Ultimately, improvements in the collection of revenue and taxation, and the provision of a large subsidy from Louis in 1681, enabled him to rule without Parliaments until the end of his reign. A period of reaction followed, during which the Rye House Plot to kill the King (its genuineness is still a subject of debate) helped to consolidate his power and to discredit the Whigs. Antonia Fraser tells us comparatively little about this period, or about the direct influence of Charles and the wielding of his prerogative powers. The climate of opinion may be judged by the state of affairs at Oxford: a Fellow of Lincoln College was expelled for recommending Milton to his pupils, and John Locke was driven from Christ Church at the behest of the King.
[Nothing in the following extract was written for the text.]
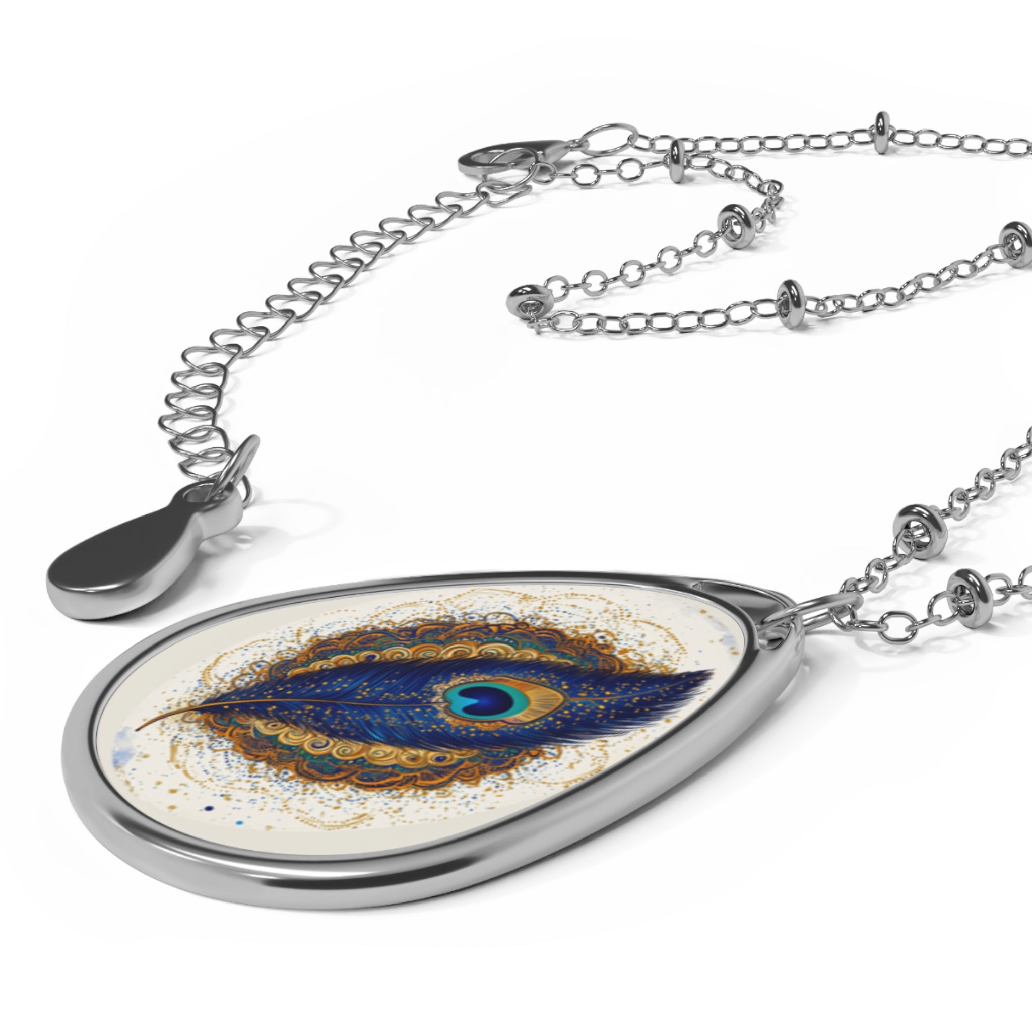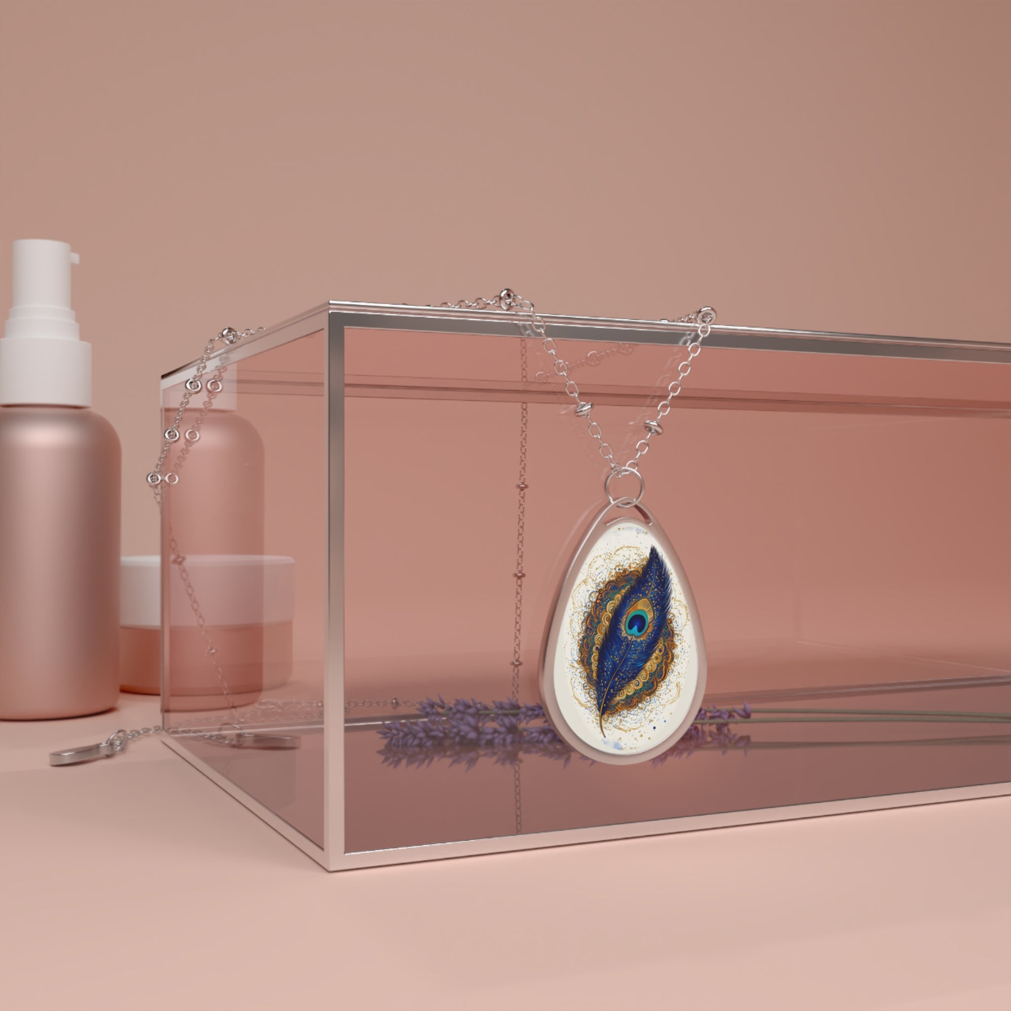 Peacock Feather Necklace – Bohemian Teardrop Pendant with Golden Flourish | Symbolic Nature-Inspired Jewelry for Free Spirits

The much more extraordinary events in which Charles gained control of the City of London, packed the bench with judges like Jeffreys, purged JPs, and silenced his opponents by censorship, occupy less space than that given to one of the royal mistresses.
Still, Antonia Fraser has produced a very good biography. Her mastery of a great range of sources is impressive, her ability to make the past come alive with fact, argument and topical allusion enviable. If she overwrites occasionally (‘Charles was no Newton’), she can be forgiven for it because of the style and pace of her narrative. The building shown in the illustration after page 208 is not Ham House, and the first pineapple to be grown in England was not produced there, although the picture now hangs in that house. The fruit was probably first grown, and presented to Charles, at Dorney Court near Windsor.